Conversation Continues
Tuesday, July 12th, 2011

Conversation Continues features ongoing discussions or news on current health topics with links to related materials.  They are part of the Center for Advancing Health’s portfolio of free, evidence-based coverage of what it takes to find good care and make the most of it.  Written by  Monica Kriete, CFAH Communications Associate and Goldie Pyka, CFAH Communications Manager.

 

On KevinMD, Sam Wainwright, an analyst for New America’s Health Policy Program, discusses how difficult yet vitally important it is for doctors and patients alike to understand medical risk information.  Citing a New York Times Opinionator piece titled Chances Are, from 2010, Wainwright writes:

“To make sure patients are fully informed means conveying information about a procedure’s risks and benefits in a way they can understand, often when there is neither the time nor presence of mind for SAT-caliber mathematical agility. The lack of accurate and evidence-based guidelines further complicates the situation. For many treatments, we know neither the true probability of success nor how to explain it clearly to a sick and worried patient…[but] patients MUST be fully informed. Only with an understanding of the risks…can a patient make the decision that is right for them.”

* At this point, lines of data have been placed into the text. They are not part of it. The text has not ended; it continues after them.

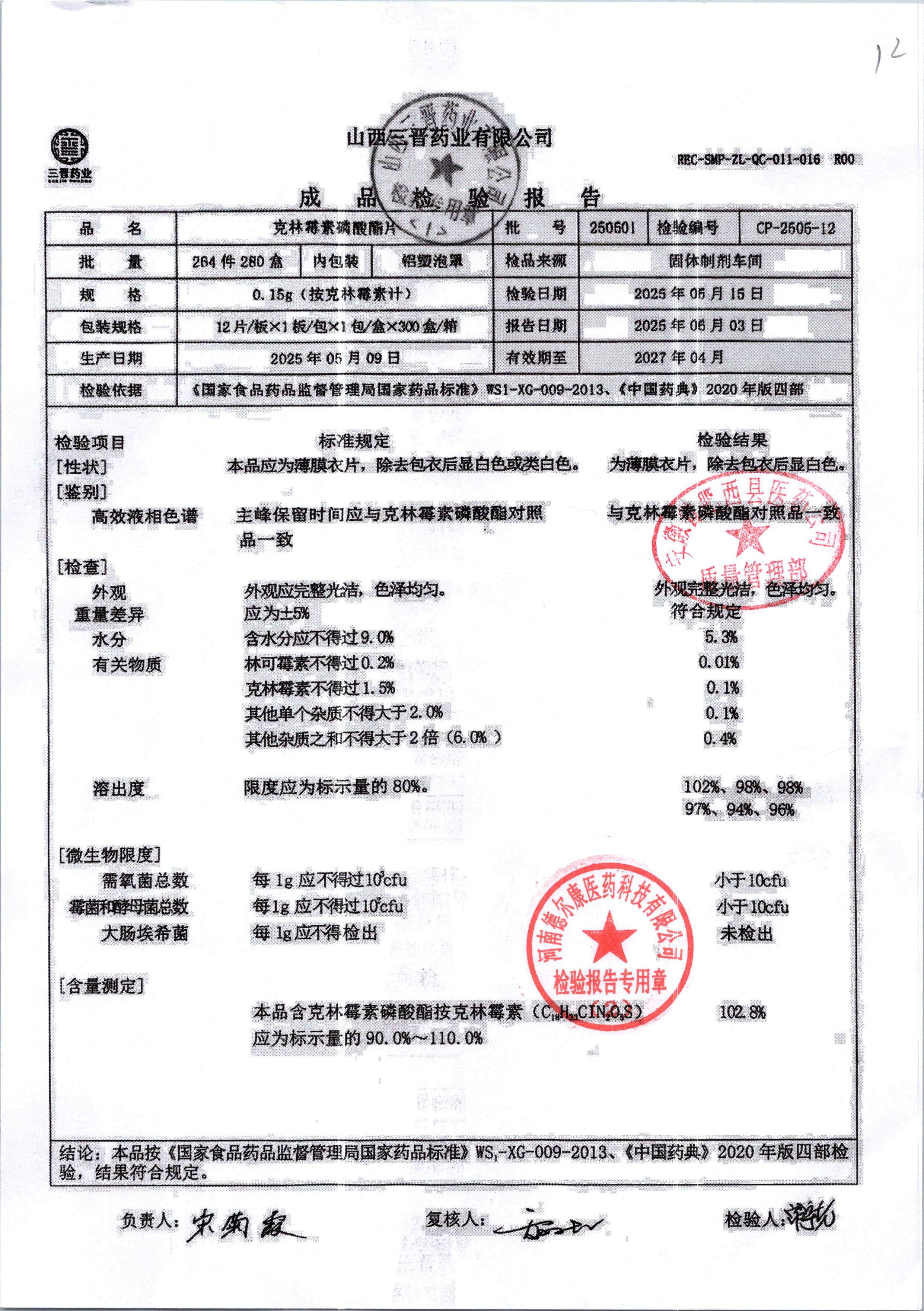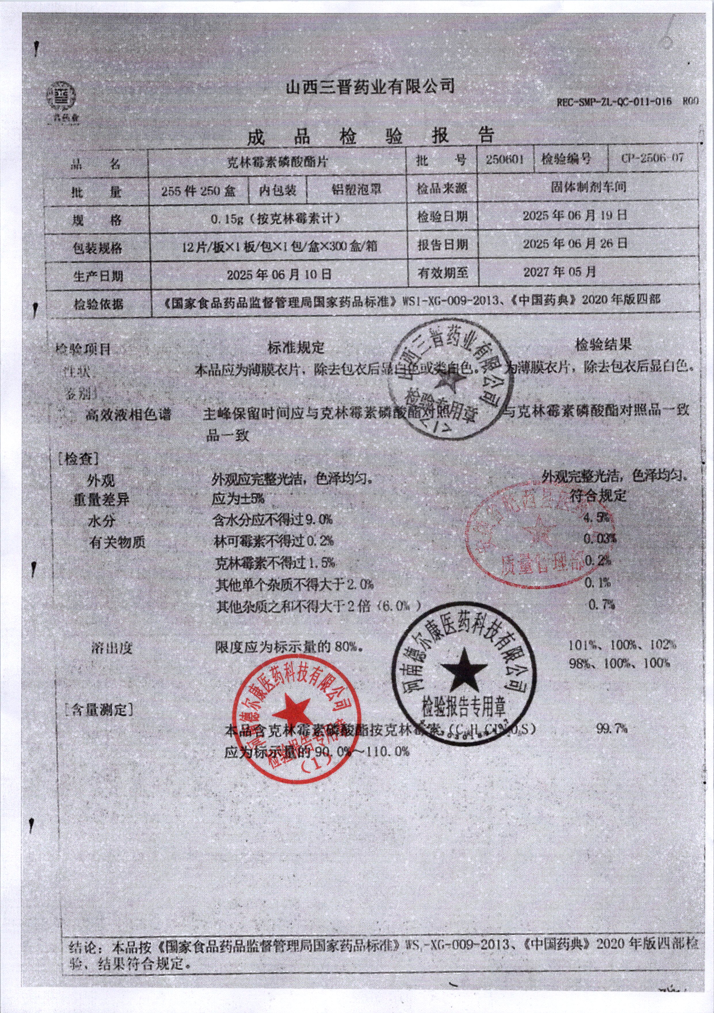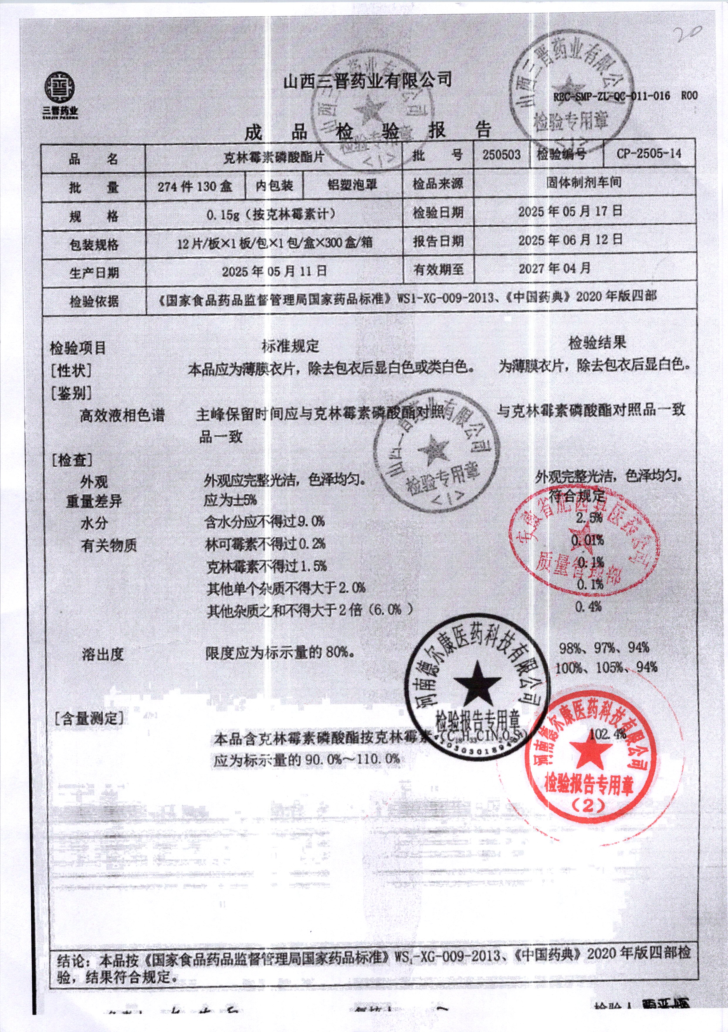 名稱 規(guī)格 批號 藥檢報告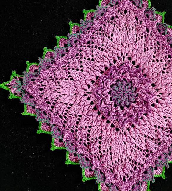 Your tension will determine things like hook size, yardage, finished size, and height of stitches. Any of these things can be adjusted as needed. Using recommended thread and hook this pattern will use minimum 370 yards / 350 metres of thread. And your finished doily will be about 10x10” / 25 x 25 cm.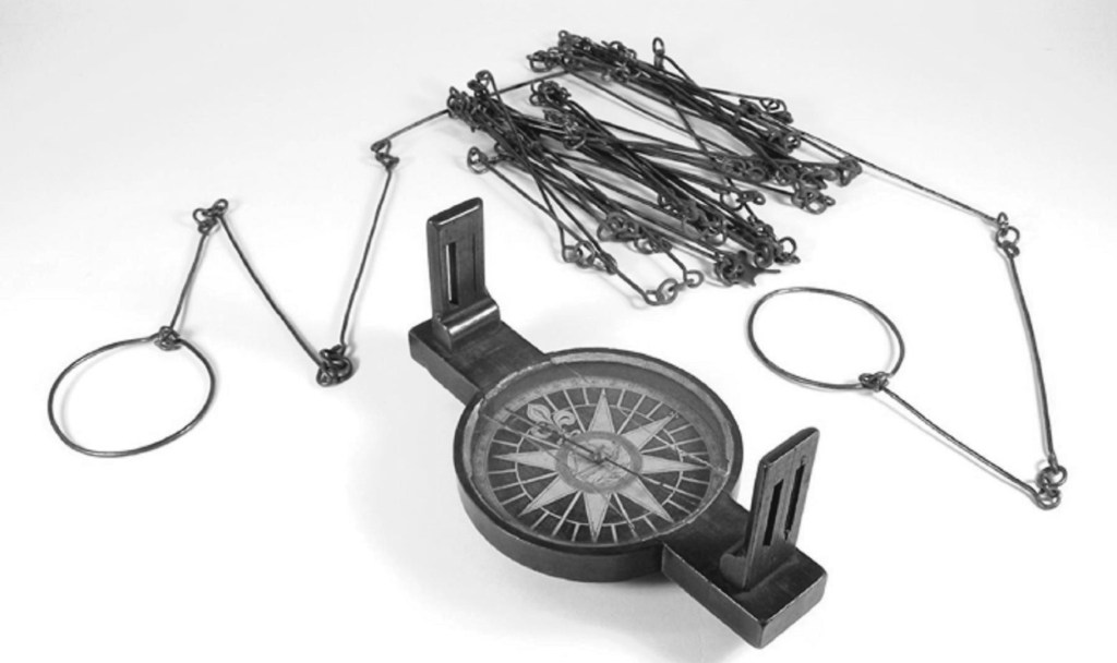 Gunter’s Chain & Surveyor’s Compass. Courtesy of the New Hampshire Historical Society “Gunter’s chain was developed in 1620 and consisted of 100 links, each measuring 7.92 inches, for a total of 66 feet of measurement. The chain included brass rings at every 10 links to facilitate partial measurements. In practice, the chain is stretched out along a defined path and secured to the ground with steel pins. The measurement is then recorded and the process is repeated until the surveyor reaches the final endpoint.”

Wainwright’s post, Why the human brain seems to struggle with comprehending risk, underscores Jessie Gruman’s message in Should Doctors Protect Us from Data about Medical Risks?.  Her answer, in a word, is no:

“It seems unconscionable to withhold well-presented risk information about treatment in the relatively few instances when it is available…In their most general form, decision tools communicate that we have choices – that multiple treatment options are possible, there are trade-offs to be considered, and no guarantees exist regardless of our choice.  These are sobering but important messages for us to grasp as all of us, regardless of our numeracy skills and cognitive biases, are routinely forced to make critical decisions about our health care.”

The key to understanding medical risk is that the data are well-presented. Do you agree?  Was there ever a time when you would have rather not known the risks?  Or, did knowing the odds sway your decision?